Nonetheless, the changing architecture of the climate regime provides opportunities for some of the other options, including voluntary reporting on subsidies and their reform, putting forward subsidy reform as a NAMA, its inclusion in NDCs and discussing experiences in the context of TEMs. These options do not require consensus and can be adopted by one or several parties that wish to set an example. A particular role could be played here by the Friends of Fossil Fuel Subsidy Reform, a coalition of smaller, non-G20 developed and developing countries, whose aims to increase support for fossil fuel subsidy reform would fit well with piloting some of the options outlined above (see also Young 2017).Footnote 5

It should be remembered that, in addressing fossil fuel subsidies, the UNFCCC is not stepping into an institutional vacuum. Importantly, a range of other international institutions have sought to enhance transparency of the size and scope of subsidies (Van de Graaf and van Asselt 2017). This means that any reporting guidance related to fossil fuel subsidies under the UNFCCC would benefit from streamlining guidance with these efforts, building upon already existing coordination between relevant institutions (e.g. IEA et al. 2011). Similarly, as mentioned above, a global phase-out target under the UNFCCC could build on what has already been achieved in other venues (notably the G20 and the G7).

4 Conclusions

This article has explored possibilities to address fossil fuel subsidies through the UNFCCC. Any such analysis has to start with the reasons why fossil fuels and energy have received limited attention in the UNFCCC thus far. A brief overview of the history of the climate regime shows that the close connections between energy policy decisions and national sovereignty, and reluctance of fossil-fuel-producing nations to discuss those linkages in the context of climate change, have meant that energy and fossil fuels have received only limited mentions in the climate treaties so far. This also holds for the recent Paris Agreement.
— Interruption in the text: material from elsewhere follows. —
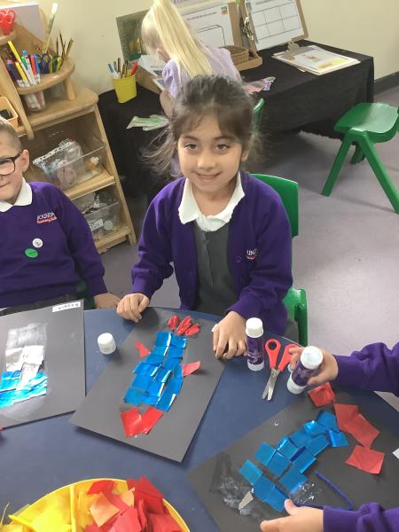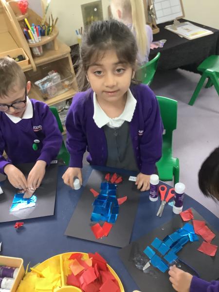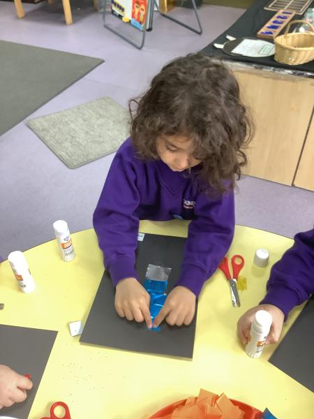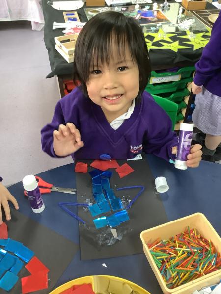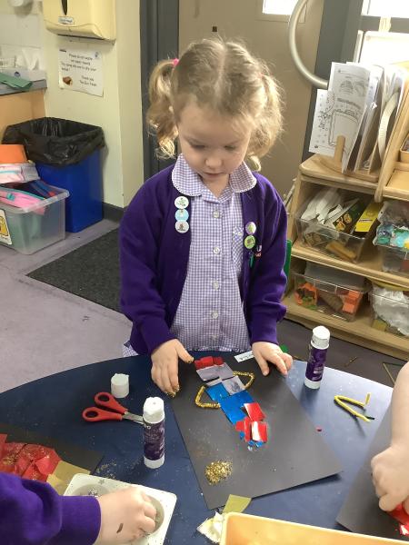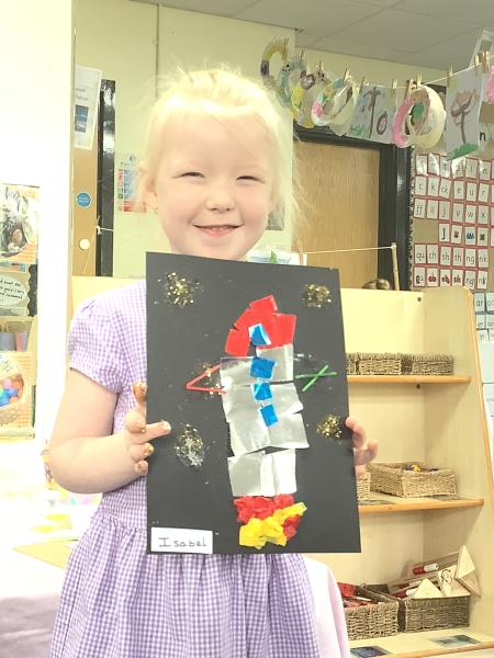 This week the children enjoyed a creative learning experience in the creative area, where they designed and collaged their own space rockets using a wide range of materials. They explored different shapes textures and colours, selecting and combining resources such as paper, card and foil with care and creativity. This activity encouraged the children to think carefully about shape and structure, supporting early mathematical understanding while developing fine motor skills and hand–eye coordination. The openāended nature of the task allowed each child to express their ideas freely, resulting in a variety of imaginative and unique designs. Throughout the activity, children demonstrated focus, independence and pride in their work, while confidently talking about the shapes they had used and the choices they had made.

This is not to say that the climate regime cannot play a role at all. The article highlighted six opportunities for the UNFCCC to start addressing fossil fuel subsidies: (1) voluntary reporting of subsidies and their reform by Parties; (2) including fossil fuel subsidy reform as a NAMA; (3) including fossil fuel subsidy reform in NDCs; (4) discussing fossil fuel subsidy reform as a measure with high mitigation potential in future TEMs; (5) reviving the idea of reducing support for high-emissions investments in the context of future climate finance discussions and (6) reiterating the commitment to phase out inefficient fossil fuel subsidies by 2025, as agreed by the G7.

On a concluding note, the role of international institutions such as the UNFCCC is unlikely to extend to directly limiting fossil fuel subsidies or obliging phase out or reform. However, this does not mean that international institutions do not have a role to play in putting in place incentives for countries to undertake fossil fuel subsidy reform. Such incentives can be informational: by strengthening the transparency of the size and scope of subsidies through reporting and review, it is possible to obtain better insights into their environmental, economic and social implications. Enhanced transparency can also trigger reputational incentives: other countries as well as domestic stakeholders can hold governments to account for meeting pledges made about fossil fuel subsidy reform. In addition, international institutions can put in place financial and other economic incentives, particularly for developing countries: by indicating clearly that fossil fuel subsidy reform is part of a country’s mitigation portfolio, the likelihood increases that such actions can be eligible for support. Even though subsidy reform at the national level is more likely to be triggered by economic and fiscal motivations, the climate regime could strengthen the case for reform by offering these incentives.